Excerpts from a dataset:
┌────────
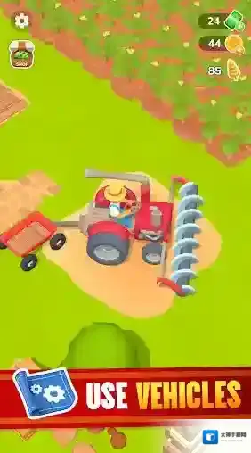 随着区域的不断解锁,我们将会体验到更多内容丰富的玩法,并且还会得到各种类型的农作物,通过种植来获得大量的钞票!通过努力的经营让自己的小农场慢慢发展成为大型农庄,成为真正的农业大亨!
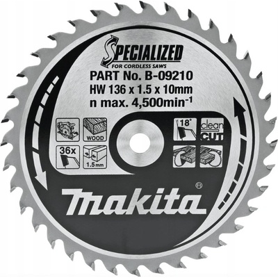 MAKITA ŘEZNÝ KOTOUČ 136 X 10 36Z B-09210 Vylepšené řezné kotouče vyrobené speciálně pro akumulátorové pily. Čepele pro práci dřevem s nejoblíbenějšími akumulátorovými modely...
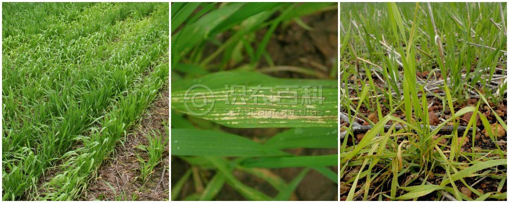 黄苗,主要表现为叶片柔软下披,新叶脉间条纹状失绿,由绿黄到黄色,叶脉仍为绿色;有时叶片呈浅绿色,黄色的条纹扩大成褐色的斑点,叶尖出现焦枯。小麦前期失绿与缺镁相似,缺镁失绿先从基部叶开始,缺锰则从中上部叶开始,出现的斑点细小。
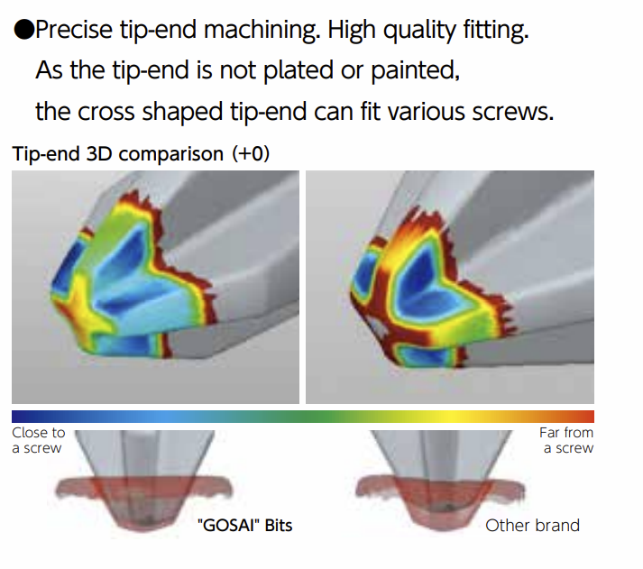 An assorted pack of hex bits from Vessel’s “GO-SAI” line. This line uses Vessel’s new and unique steel “Extra Superalloy” made specifically for bits. This material is incredibly durable and ductile and therefore are resistant to twisting and breaking. The highly precise machined tip end fits tightly into various screws allowing for a more efficient application of torque.
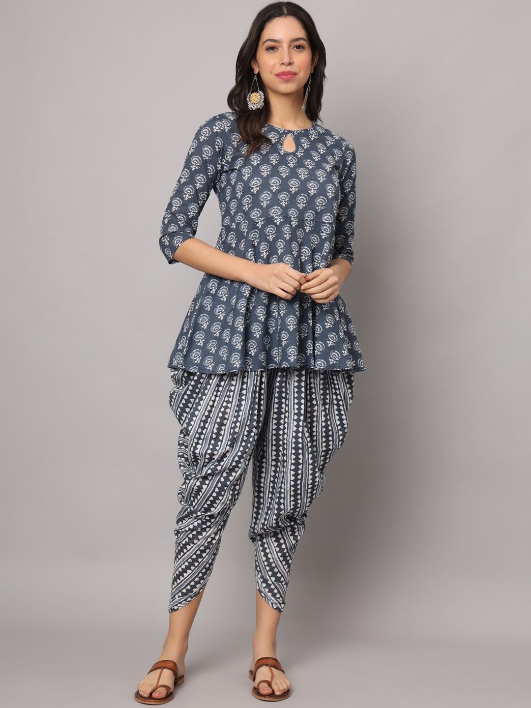 Floral Printed Keyhole Neck Pure Cotton Anarkali Kurti With Dhoti Pants
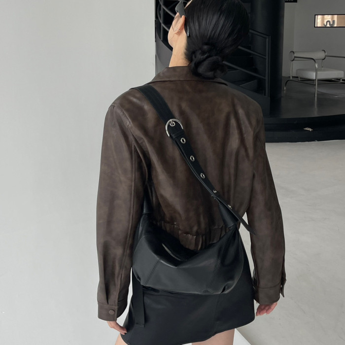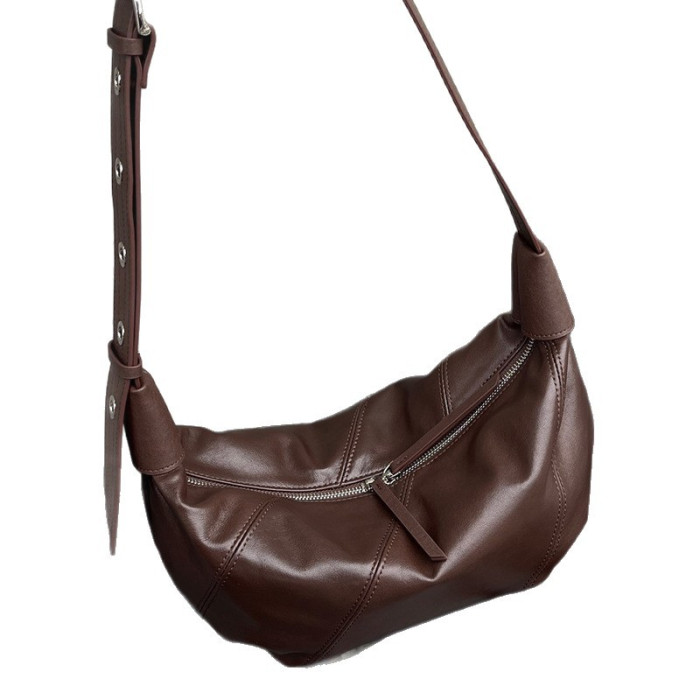 真皮女包復古百搭高級感可頌牛角包 大容量時尚小衆單肩斜背餃子包
└────────
:: Try it ::
The exact lines from the beginning of the data through the one that contains "黄苗,主要表现为叶片柔软下披" must be given again, both ends included, and pictures must be left out.

:: Reply ::
 随着区域的不断解锁,我们将会体验到更多内容丰富的玩法,并且还会得到各种类型的农作物,通过种植来获得大量的钞票!通过努力的经营让自己的小农场慢慢发展成为大型农庄,成为真正的农业大亨!
 MAKITA ŘEZNÝ KOTOUČ 136 X 10 36Z B-09210 Vylepšené řezné kotouče vyrobené speciálně pro akumulátorové pily. Čepele pro práci dřevem s nejoblíbenějšími akumulátorovými modely...
 黄苗,主要表现为叶片柔软下披,新叶脉间条纹状失绿,由绿黄到黄色,叶脉仍为绿色;有时叶片呈浅绿色,黄色的条纹扩大成褐色的斑点,叶尖出现焦枯。小麦前期失绿与缺镁相似,缺镁失绿先从基部叶开始,缺锰则从中上部叶开始,出现的斑点细小。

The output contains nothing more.